Но кривоногий еще долго не может успокоиться. И Абрам, который сидит, поджав ноги, на своих нарах, недовольно покачивает головой. Он что-то подозревает, но пока еще ни с кем не хочет делиться своей догадкой. Когда время придет, будет видно...

Среди ночи Петров тихонько толкнул в бок своего товарища.

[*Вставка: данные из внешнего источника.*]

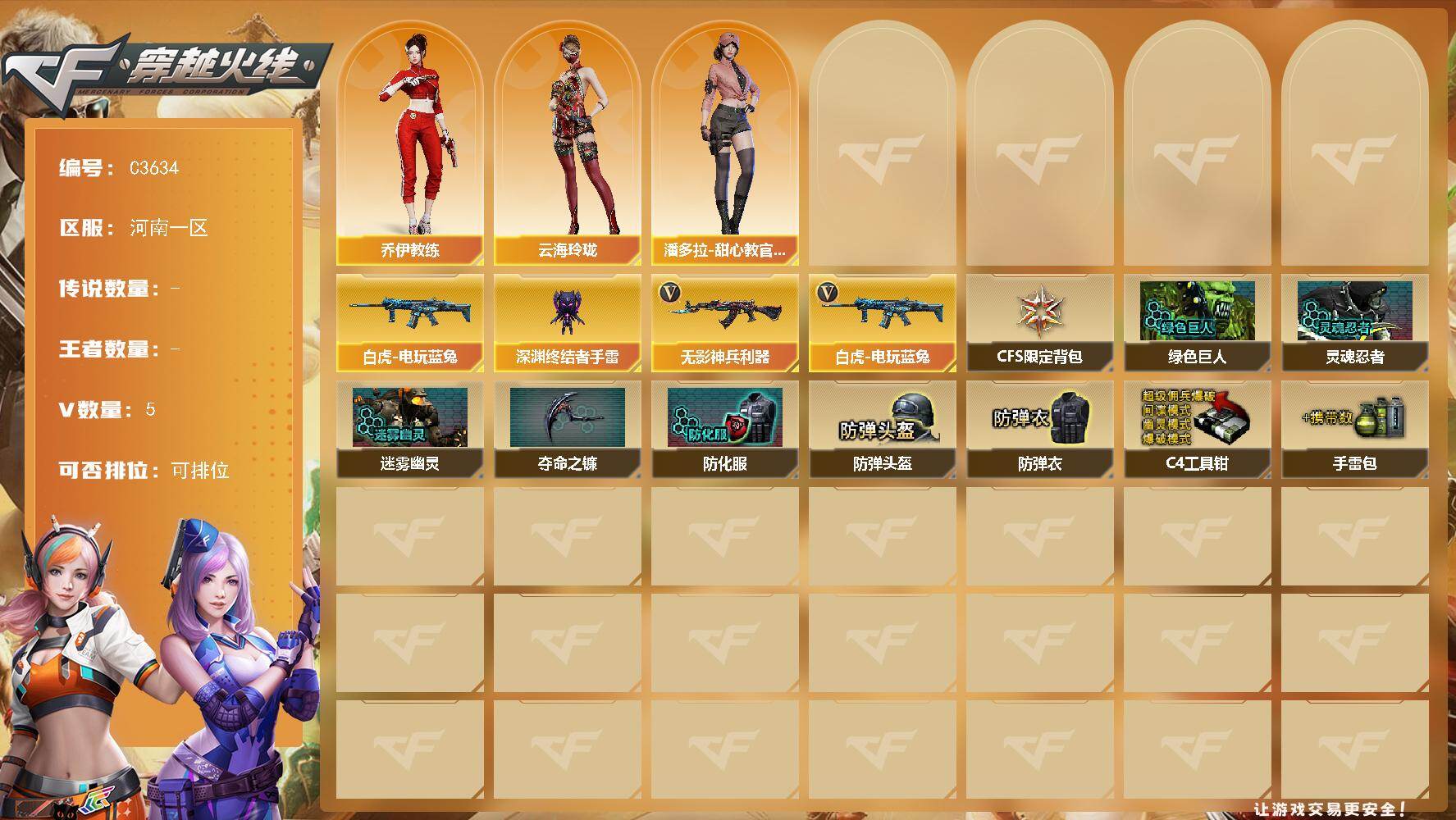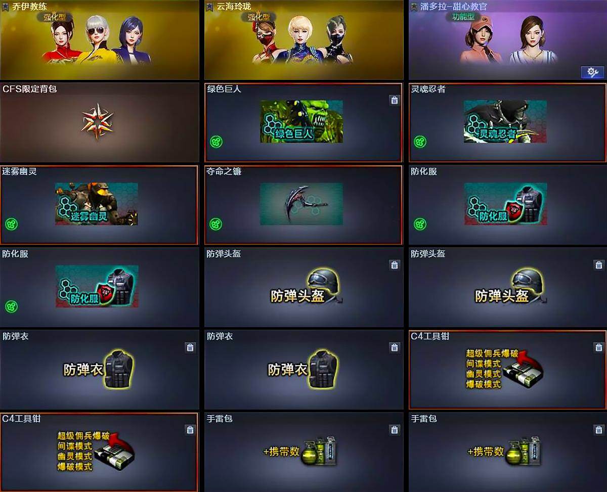 【道具】:CFS限定背包,绿色巨人,灵魂忍者,迷雾幽灵,夺命之镰,防化服*2,防弹头盔*2,防弹衣*2,C4工具钳*2,手雷包*2

— Слышь, Добрывечер... Не спишь?

— Нет. А что?

— Будто, как на дворе народ ходит.

Высокий прислушался.

За стеной какой-то смутный шорох, потом шепот, шаги.

— Караул сменяется.

— Ой ли?

— А что же еще?

Петров, не вставая, крестится и быстро шепчет молитву. Потом оба долго лежат, не шевелясь, и прислушиваются. На дворе давно уже все затихло. Крупицын храпит, по временам вздрагивает во сне и стонет.

— Сказывают: подолгу еще живут в петле-то! — бормочет старый. — В общей камере иные видели. Его вздернут, а он висит и дрыгает, висит и дрыгает. Долго дрыгает. Аж коленки к животу пригибает, — и хрипит. И тоже уменье надо на это дело и руку легкую. У кого если тяжелая рука, то никак петля не затягивается...

— Мылом мажут... А однако, оставь ты! Не надо. Видишь, вон, — саратовский-то спит себе. И ты спи. Во сне лучше.

IX

Начальник болтал ложечкой в стакане и внимательно следил, как крутится и прыгает в янтарно желтом чаю маленький черный листочек. Леночка тоже сидела за чайным столом, проглядывала иллюстрированный журнал. У нее смешная детская привычка: далеко оттопыривать губы, когда что-нибудь особенно интересует. Начальник переводит глаза от своего стакана на эти губы и украдкой вздыхает.

Третий день уже он приходит из конторы сердитый и озабоченный, и даже потемнело как будто золотое шитье его погон.

Очень хотелось бы оставлять за порогом конторы все служебные тревоги и огорчения, чтобы приходить в эти уютные комнаты совсем другим, и спокойным, и веселым. Но заботы словно проскальзывали из-под вышитой скатерти, незваные и незримые расплывались по комнате вместе с паром кипящего самовара.